Transcribe the listing exactly as written. Leave the images out.

## DATASET EXCERPT
>>

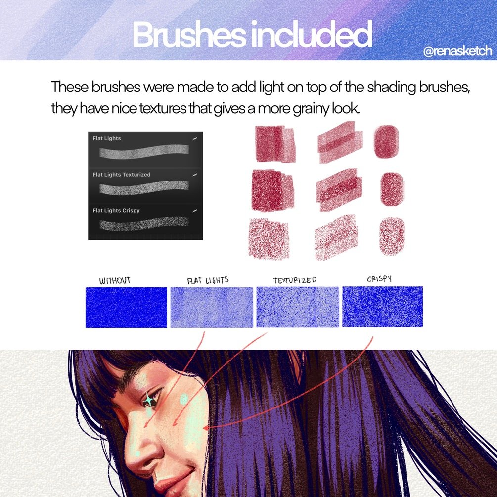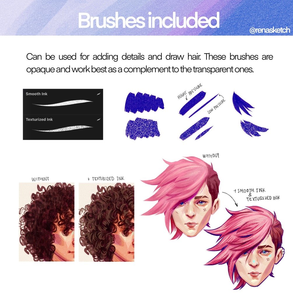 The Magic Markers brush set includes 12 brushes that will allow you to paint full rendered illustrations, all brushes have different textures that complement each other and will give a unique look to your works. It also includes my favorite texture to level up the result even more!
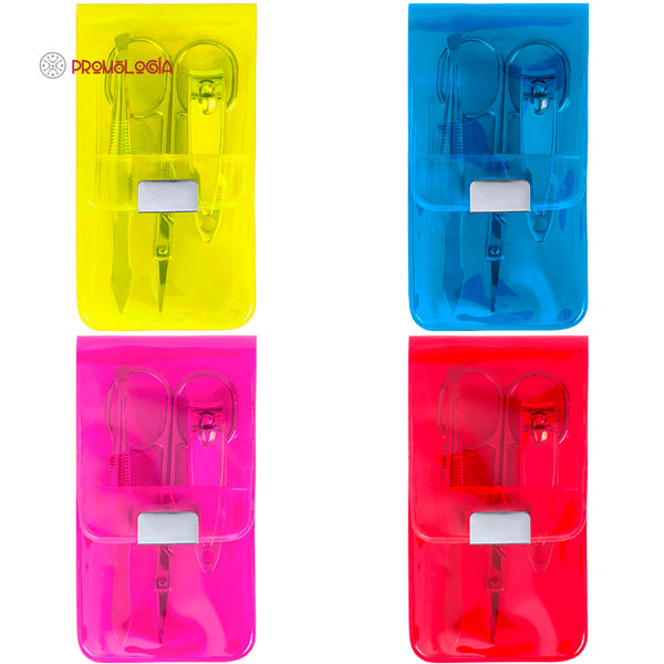 Set de manicura con 3 accesorios. Funda fabricada en PVC de 4 colores. Práctico estuche para tener siempre organizadas las herramientas de manicura tanto en viaje como en casa. MEDIDAS: 5,7 x 10,1 x 1,4 cm.
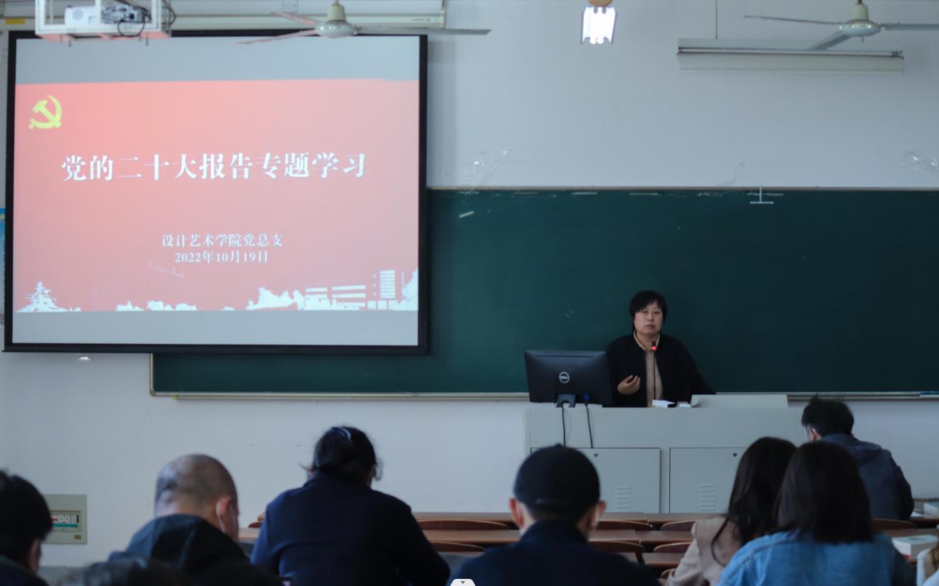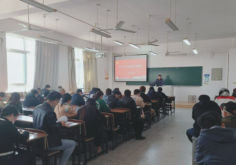 10月19日下午,设计艺术学院在希望大道校区润美楼B301召开教职工政治理论学习会。学习会分为两个阶段,第一阶段由学院党总支书记胡凌霞领学党的二十大报告精神,第二阶段由院长张军开展师德建设专题教育。学习会由胡凌霞主持,全体教职工参加。
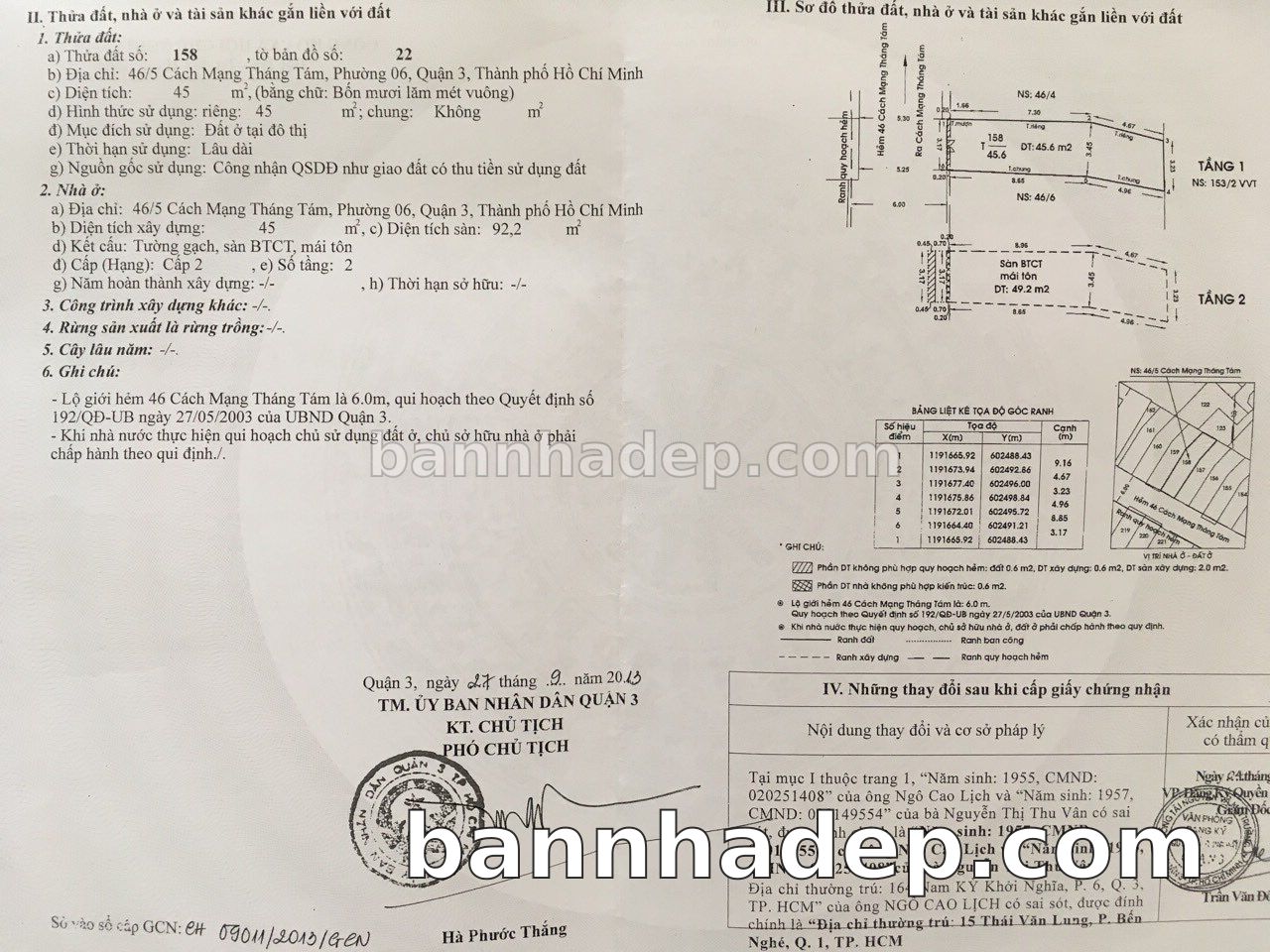 BÁN NHÀ Đường hẻm Số 46/5 Cách Mạng Tháng 8 phường 06 quận 3 TP. Hồ Chí Minh – GẦN CÔNG VIÊN GIẢI TRÍ – GIÁ TỐT Cần bán gấp nhà Đường hẻm tại Số 46/5 Cách Mạng Tháng 8 phường 06 quận 3 TP. Hồ Chí Minh – tiềm năng kinh doanh cao. Thông tin chi tiết: • Địa chỉ: Số 46/5 Cách Mạng Tháng 8 phường 06 quận 3 TP. Hồ Chí Minh • Diện tích: như trong sổ, không gian lý tưởng • Vị trí: Đường hẻm đường Cách Mạng Tháng 8, gần trung tâm thương mại lớn, khu vực sầm uất, tiềm năng kinh doanh cao • Pháp lý: Sổ hồng riêng, không tranh chấp, sẵn sàng giao dịch • Giá bán: Thoả Thuận (còn thương lượng với khách thiện chí) Lợi thế đặc biệt: • Vị trí trung tâm Quận 3 • Giao thông thuận tiện, kết nối các quận trung tâm • Phù hợp kinh doanh dài hạn, ổn định • Khu vực sầm uất, tiềm năng kinh doanh tốt

<<

## ANSWER SPACE
 The Magic Markers brush set includes 12 brushes that will allow you to paint full rendered illustrations, all brushes have different textures that complement each other and will give a unique look to your works. It also includes my favorite texture to level up the result even more!
 Set de manicura con 3 accesorios. Funda fabricada en PVC de 4 colores. Práctico estuche para tener siempre organizadas las herramientas de manicura tanto en viaje como en casa. MEDIDAS: 5,7 x 10,1 x 1,4 cm.
 10月19日下午,设计艺术学院在希望大道校区润美楼B301召开教职工政治理论学习会。学习会分为两个阶段,第一阶段由学院党总支书记胡凌霞领学党的二十大报告精神,第二阶段由院长张军开展师德建设专题教育。学习会由胡凌霞主持,全体教职工参加。
 BÁN NHÀ Đường hẻm Số 46/5 Cách Mạng Tháng 8 phường 06 quận 3 TP. Hồ Chí Minh – GẦN CÔNG VIÊN GIẢI TRÍ – GIÁ TỐT Cần bán gấp nhà Đường hẻm tại Số 46/5 Cách Mạng Tháng 8 phường 06 quận 3 TP. Hồ Chí Minh – tiềm năng kinh doanh cao. Thông tin chi tiết: • Địa chỉ: Số 46/5 Cách Mạng Tháng 8 phường 06 quận 3 TP. Hồ Chí Minh • Diện tích: như trong sổ, không gian lý tưởng • Vị trí: Đường hẻm đường Cách Mạng Tháng 8, gần trung tâm thương mại lớn, khu vực sầm uất, tiềm năng kinh doanh cao • Pháp lý: Sổ hồng riêng, không tranh chấp, sẵn sàng giao dịch • Giá bán: Thoả Thuận (còn thương lượng với khách thiện chí) Lợi thế đặc biệt: • Vị trí trung tâm Quận 3 • Giao thông thuận tiện, kết nối các quận trung tâm • Phù hợp kinh doanh dài hạn, ổn định • Khu vực sầm uất, tiềm năng kinh doanh tốt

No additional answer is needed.